Heineken East Africa Import Company Limited has moved to the Supreme Court to challenge the decision awarding one of its former distributors Sh 1.7 billion for breach of contract.
In the appeal, Heineken EA has sued Heineken BV and Maxam Limited (distributor) after the appellate court awarded Maxam Sh 1,799, 978,868 for unlawful termination of contract.
Aggrieved by the decision, the applicant wants the Supreme Court to issue an order of stay against the execution and/or enforcement of the said judgement.
The applicant is challenging the application of article 10 of the constitution in the adjudication of the contract between Heineken EA and Maxam before the appellate court.
Through lawyer Fred Ngatia, the applicant argues that the said article was not pleaded by any of the parties to the dispute.
“The applicant has set out the binding case law that would debar the court of appeal from considering article 10 of the constitution in the application or interpretation of the contract,” said Ngatia.
Heineken EA further argues that the court of appeal should not have used article 10 to to circumvent the clear terms in the distributorship agreement and/or to avoid the inbuilt termination clause.
Court of appeal judges Pauline Nyamweya, Abida Ali-Aroni and John Mativo upheld the award by the High Court to Maxam Ltd of special damages for loss of business to be paid by Heineken E.A and Heineken B.V.
“We affirm and uphold the award by the High Court to Maxam Ltd of special damages for loss of business of Sh 1,799,978,868.00 to be paid by Heineken E.A and Heineken B.V, arising from their repudiatory breach of the Kenya Distribution Agreement,” the judges ruled.
The Agreement
In the case, Maxam Ltd was appointed by Heineken E.A on 1st May 2013 as the exclusive beer distributor in Kenya for a period of three years with an option to extend distributorship for a one-year term.

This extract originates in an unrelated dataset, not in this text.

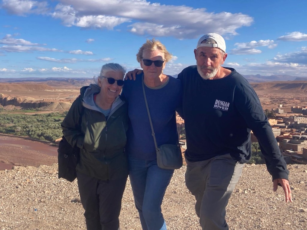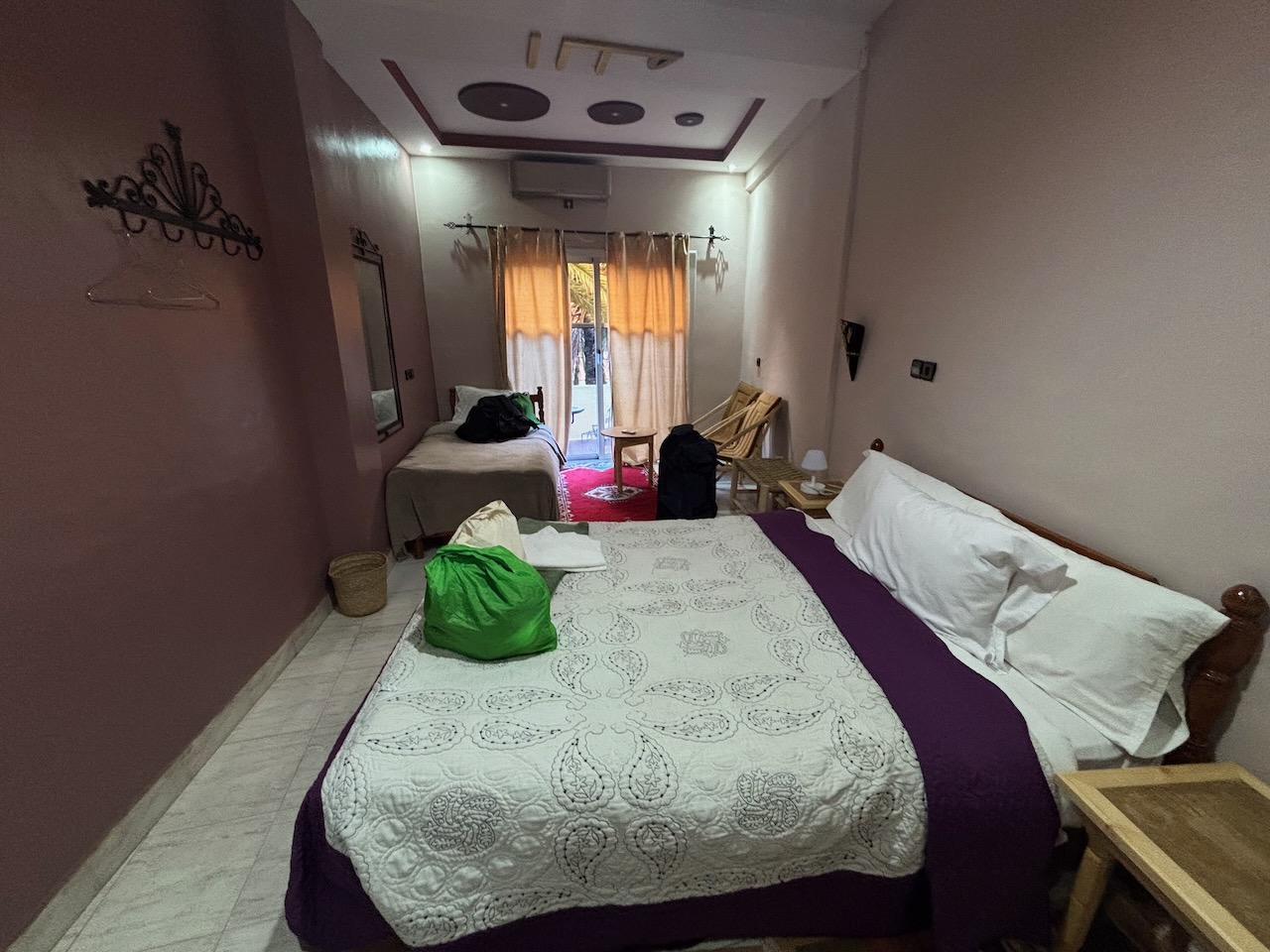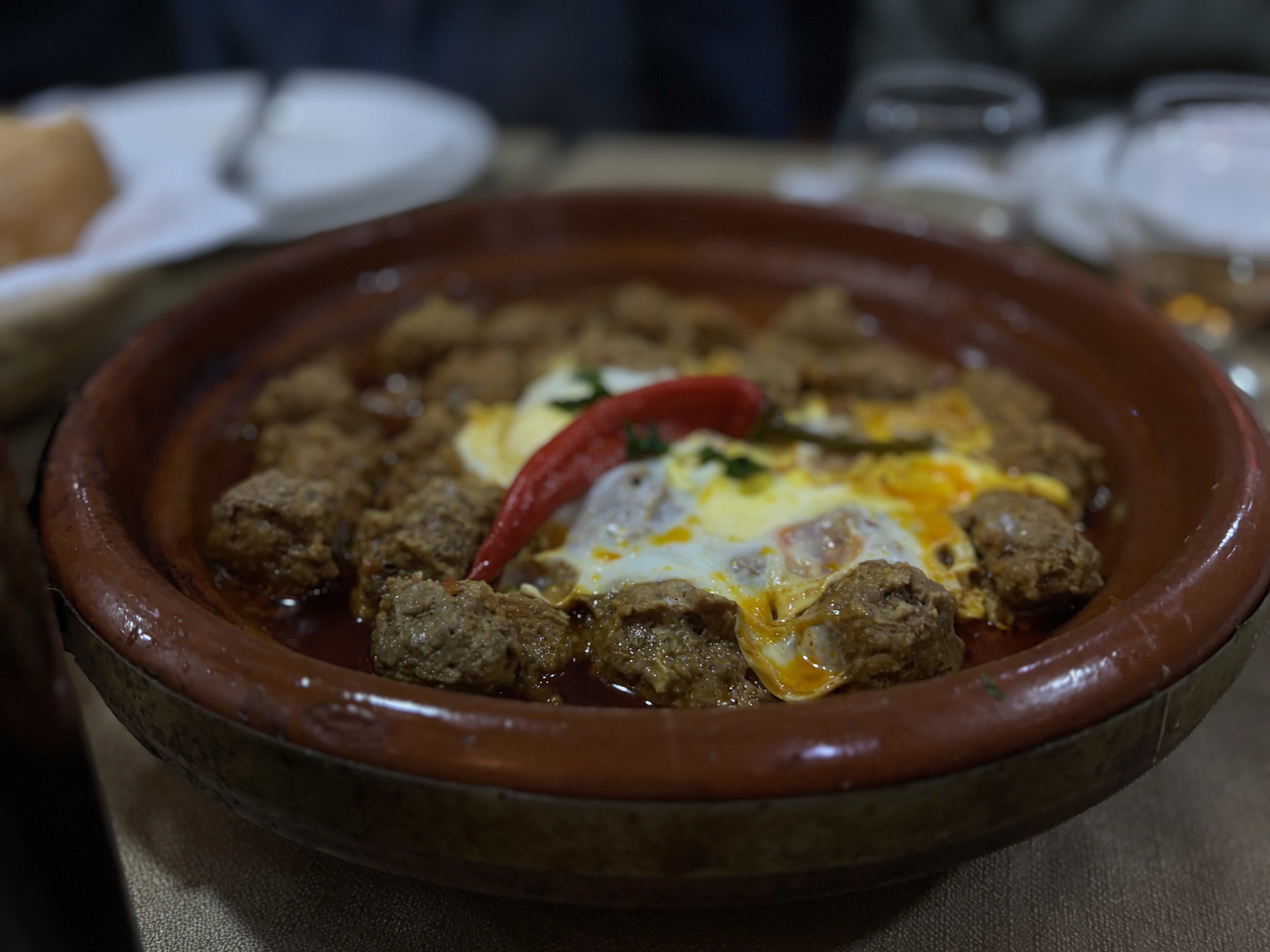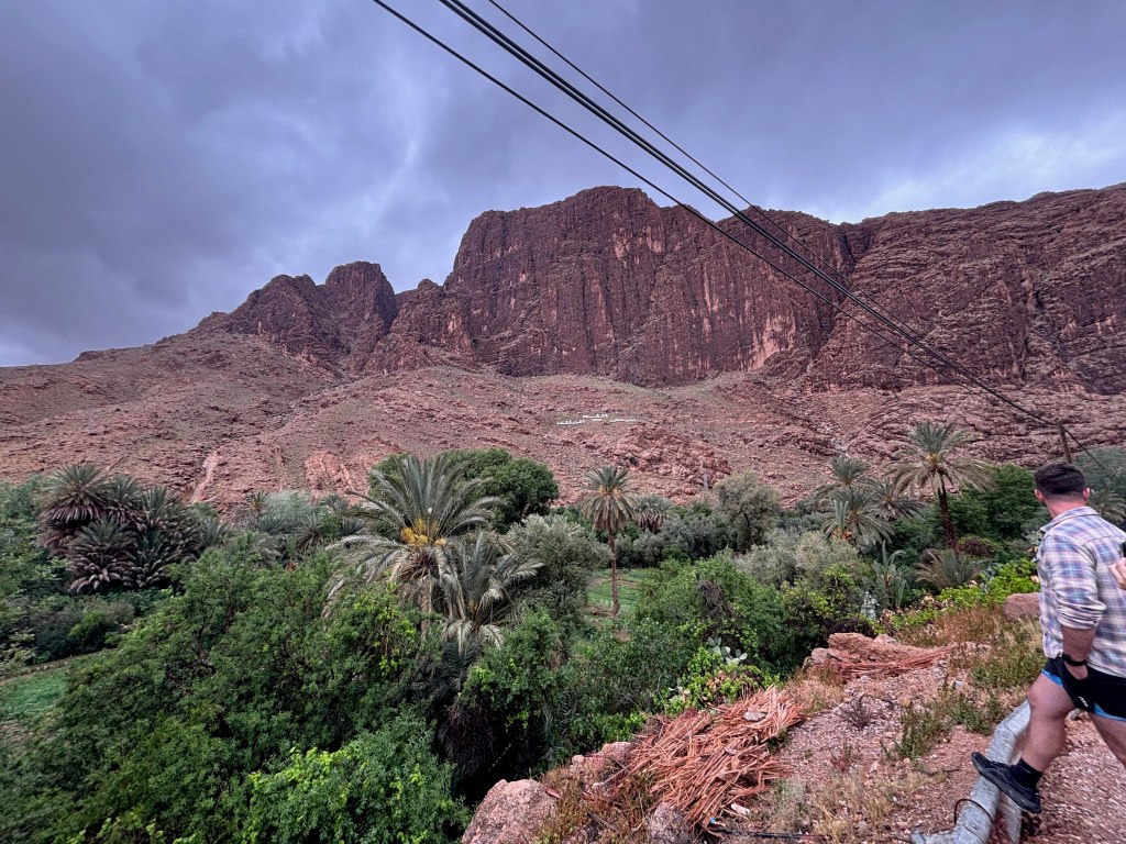Partway there, we pulled over at an overlook to see the valley and town of Souk Lakhmis Dades, a commune in the Tinghir Province where we got a look at the snowcapped Atlas Mountains in the background. Later, we stopped for lunch in Ouarzazate, nicknamed the door of the desert, which is the capital of Ouarzazate Province in the region of Drâa-Tafila at La Terrasse. The town is a primary tourist destination in Morocco during the holidays, as well as a starting point for excursions into and across the Draa Valley and the desert.

Through lawyer Philip Nyachoti, Maxam submitted that it was also prohibited from dealing with any competing beer brands during the life of the Distributorship Agreement.
The court heard that the said business relationships proceeded as set out in the respective agreements until 27th January 2016, when Heineken International B.V, on behalf of Heineken East Africa Import Company Limited and on “a without prejudice” basis wrote a letter to Maxam Ltd terminating the agreement.
According to the said letter, the termination was to take effect from 1st May 2016 which was to be the third anniversary of the effective date.
Heineken had also appointed one of Maxam’s sub-distributors to be the main distributor of its products in Kenya.
Maxam Ltd justified the award by proving that it had incurred costs from expanding their business in order to discharge its obligations under the Distributorship Agreement.
It was Maxam’s submission that the termination notice was illegal, unprocedurally issued, invalid, null and void.
Supreme court Deputy Registrar Nelly Kariuki directed the matter to be mentioned virtually on 5th July 2024.